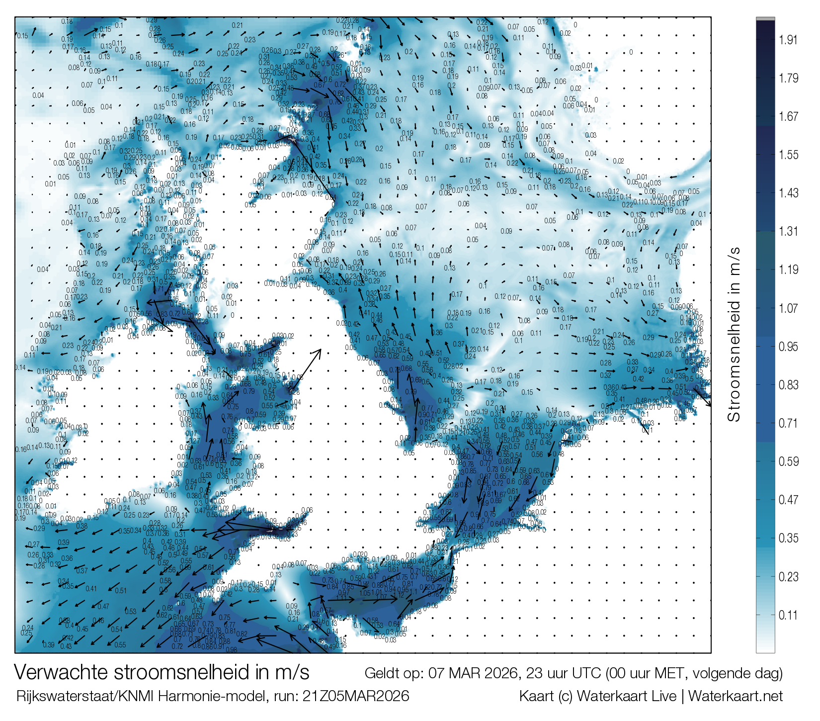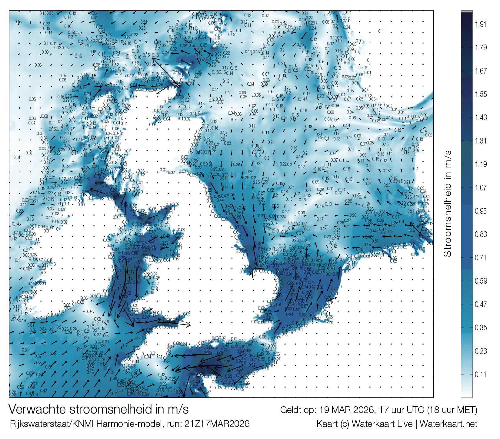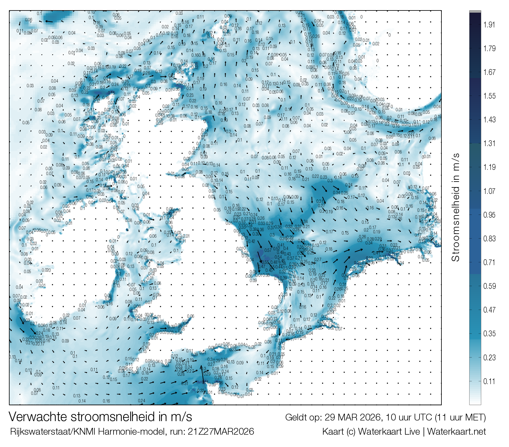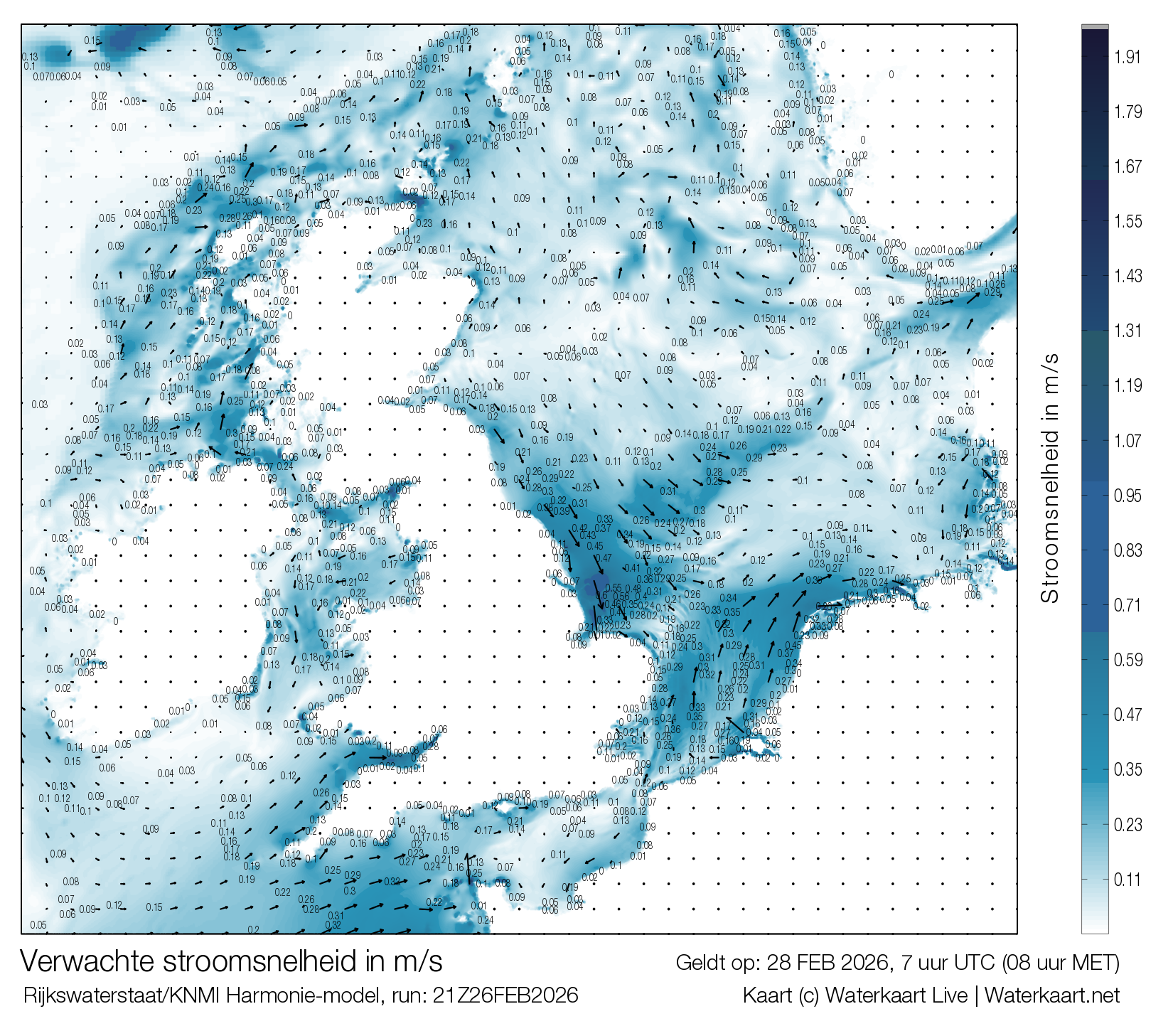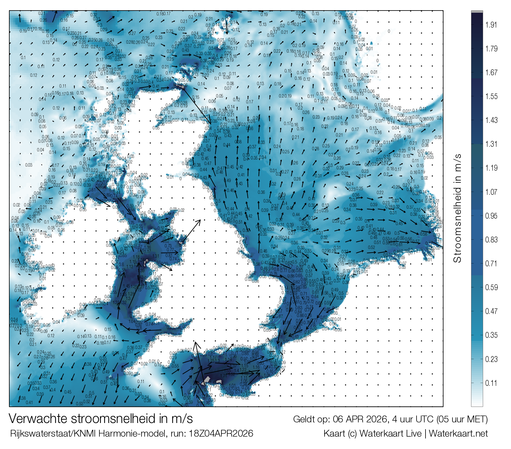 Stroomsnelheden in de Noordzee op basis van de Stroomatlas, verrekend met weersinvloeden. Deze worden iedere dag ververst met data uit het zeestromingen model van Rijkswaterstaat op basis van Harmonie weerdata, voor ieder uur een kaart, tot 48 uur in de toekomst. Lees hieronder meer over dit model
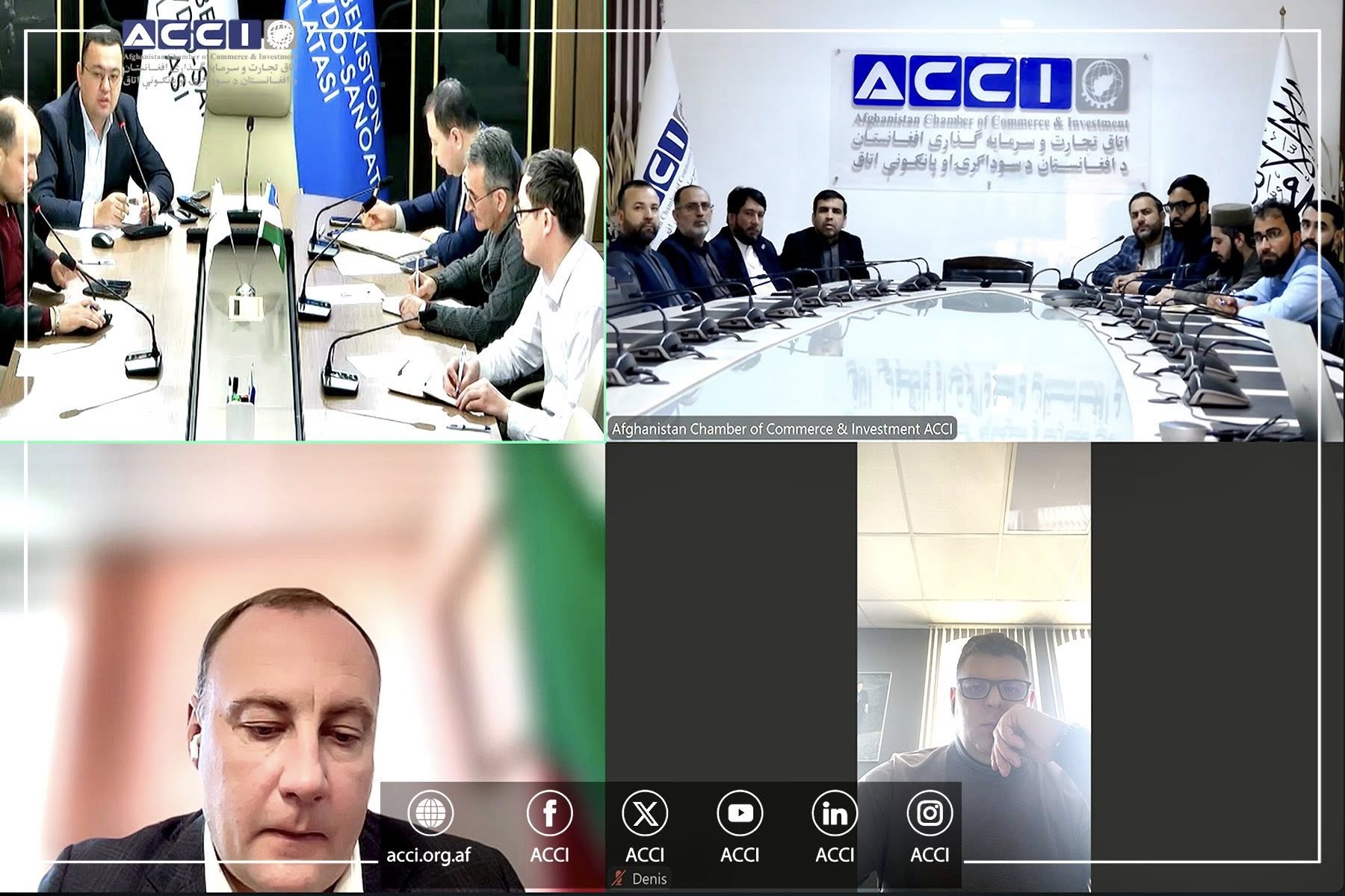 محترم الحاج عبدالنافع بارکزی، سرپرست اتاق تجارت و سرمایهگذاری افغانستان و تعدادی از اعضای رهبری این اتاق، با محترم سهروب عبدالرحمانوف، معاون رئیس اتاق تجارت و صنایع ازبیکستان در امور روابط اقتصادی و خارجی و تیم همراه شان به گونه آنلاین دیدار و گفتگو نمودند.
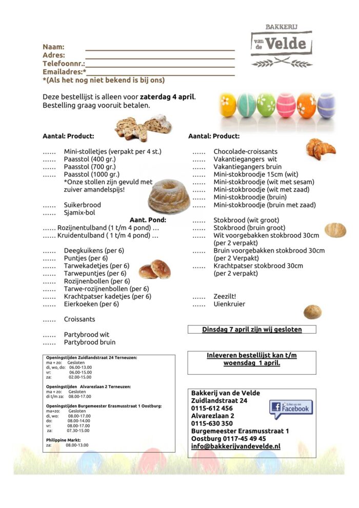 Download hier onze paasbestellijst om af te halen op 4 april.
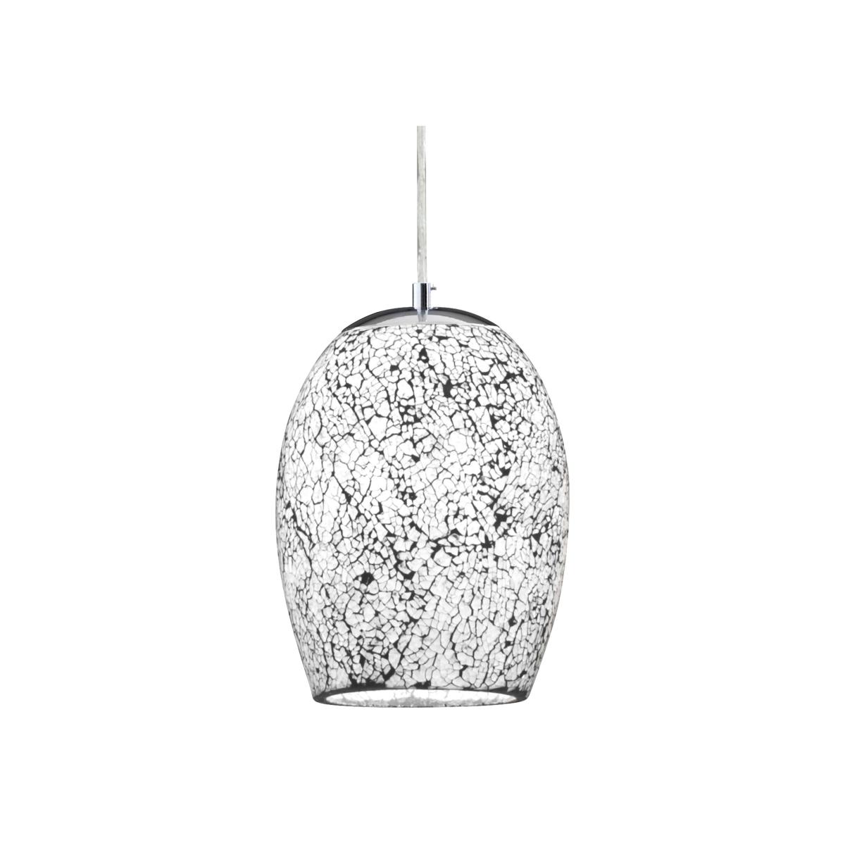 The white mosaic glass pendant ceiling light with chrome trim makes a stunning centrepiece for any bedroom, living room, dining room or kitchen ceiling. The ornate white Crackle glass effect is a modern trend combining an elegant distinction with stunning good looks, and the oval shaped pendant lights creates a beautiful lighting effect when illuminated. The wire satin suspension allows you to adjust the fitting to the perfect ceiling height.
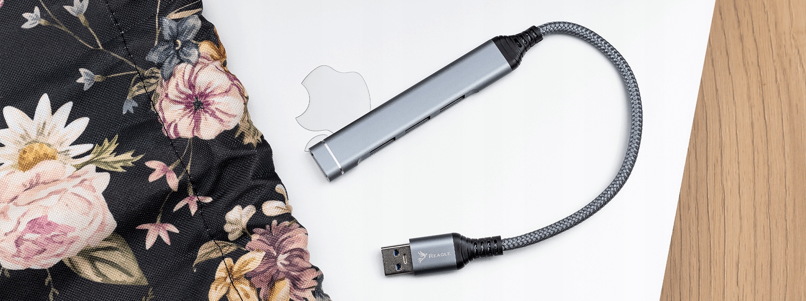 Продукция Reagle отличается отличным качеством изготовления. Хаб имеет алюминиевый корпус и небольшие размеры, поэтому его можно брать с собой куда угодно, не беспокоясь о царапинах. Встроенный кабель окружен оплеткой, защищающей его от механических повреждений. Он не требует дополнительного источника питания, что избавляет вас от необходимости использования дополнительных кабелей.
- - -
EXERCISE AIM ->
Write the data above out exactly. Leave out any pictures.

ANSWER ->
 Stroomsnelheden in de Noordzee op basis van de Stroomatlas, verrekend met weersinvloeden. Deze worden iedere dag ververst met data uit het zeestromingen model van Rijkswaterstaat op basis van Harmonie weerdata, voor ieder uur een kaart, tot 48 uur in de toekomst. Lees hieronder meer over dit model
 محترم الحاج عبدالنافع بارکزی، سرپرست اتاق تجارت و سرمایهگذاری افغانستان و تعدادی از اعضای رهبری این اتاق، با محترم سهروب عبدالرحمانوف، معاون رئیس اتاق تجارت و صنایع ازبیکستان در امور روابط اقتصادی و خارجی و تیم همراه شان به گونه آنلاین دیدار و گفتگو نمودند.
 Download hier onze paasbestellijst om af te halen op 4 april.
 The white mosaic glass pendant ceiling light with chrome trim makes a stunning centrepiece for any bedroom, living room, dining room or kitchen ceiling. The ornate white Crackle glass effect is a modern trend combining an elegant distinction with stunning good looks, and the oval shaped pendant lights creates a beautiful lighting effect when illuminated. The wire satin suspension allows you to adjust the fitting to the perfect ceiling height.
 Продукция Reagle отличается отличным качеством изготовления. Хаб имеет алюминиевый корпус и небольшие размеры, поэтому его можно брать с собой куда угодно, не беспокоясь о царапинах. Встроенный кабель окружен оплеткой, защищающей его от механических повреждений. Он не требует дополнительного источника питания, что избавляет вас от необходимости использования дополнительных кабелей.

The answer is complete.